Internals of the PubGrub algorithm

For an alternative / complementary explanation of the PubGrub algorithm, you can read the detailed description of the solver provided by the original PubGrub author in the GitHub repository of the dart package manager pub.

PubGrub is an algorithm inspired by conflict-driven nogood learning (CDNL-ASP), an approach presented by Gabser, Kaufmann and Schaub in 2012. The approach consists in iteratively taking decisions (here picking a package and version) until reaching a conflict. At that point it records a nogood (an "incompatibility" in PubGrub terminology) describing the root cause of the conflict and backtracks to a state previous to the decision leading to that conflict. CDNL has many similarities with CDCL (conflict-driven clause learning) with the difference that nogoods are conjunctions while clauses are disjunctions of literals. More documentation of their approach is available on their website.

At any moment, the PubGrub algorithm holds a state composed of two things, (1) a partial solution and (2) a set of incompatibilities. The partial solution (1) is a chronological list of "assignments", which are either decisions taken or version constraints for packages where no decision was made yet. The set of incompatibilities (2) is an ever-growing collection of incompatibilities. We will describe them in more details later but simply put, an incompatibility describes packages that are dependent or incompatible, that is packages that must be present at the same time or that cannot be present at the same time in the solution.

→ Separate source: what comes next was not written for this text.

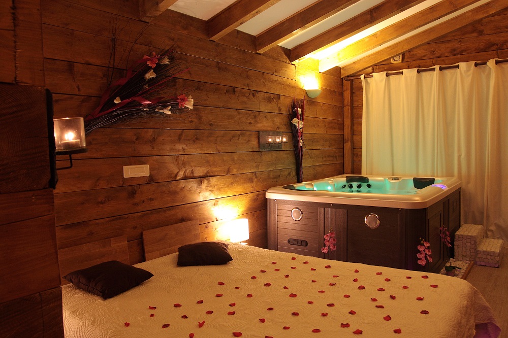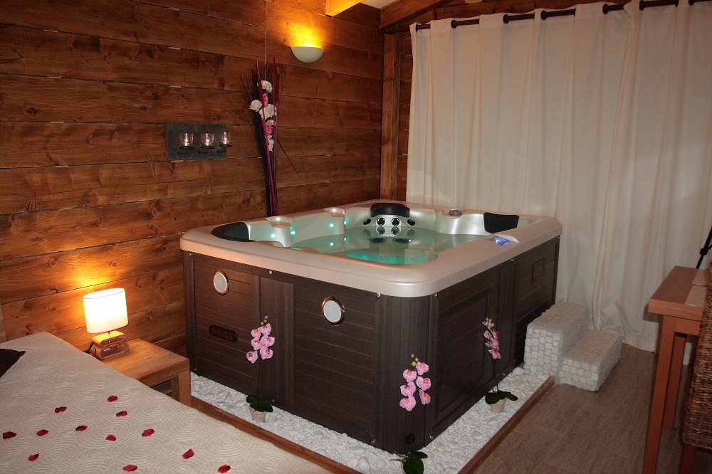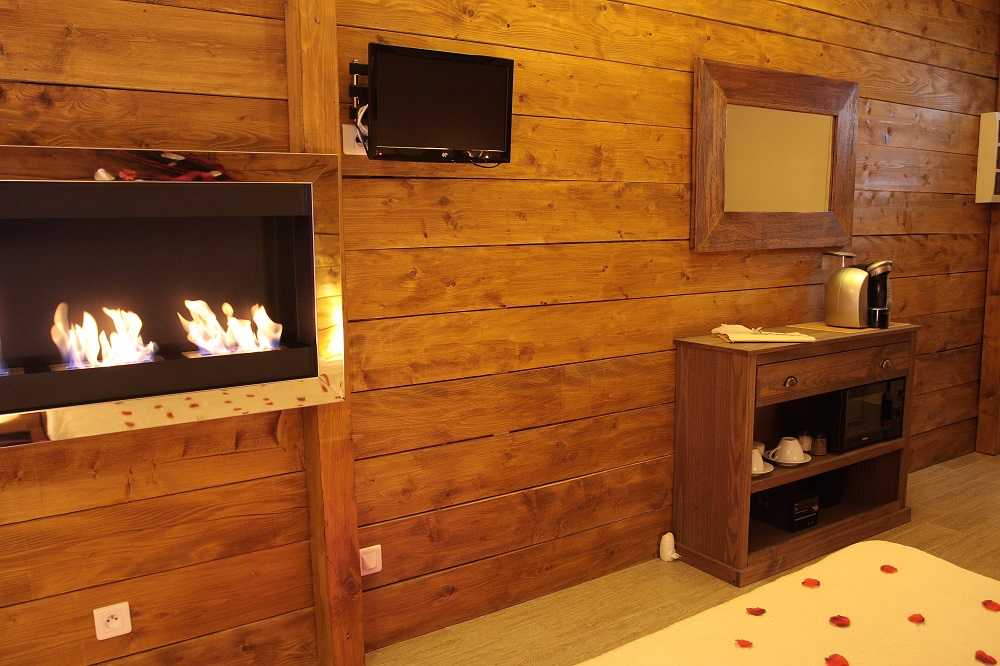 Dans cette suite climatisée avec spa et cheminé bio éthanol avec un accès indépendant, et une terasse extèrieure avec table et chaises, ainsi que son parking privatif sécurisé

Incompatibilities express facts, and as such are always valid. Therefore, the set of incompatibilities is never backtracked, only growing and recording new knowledge along the way. In contrast, the partial solution contains decisions and deductions (called "derivations" in PubGrub terminology), that are dependent on every decision made. Therefore, PubGrub needs to be able to backtrack the partial solution to an older state when there is a conflict.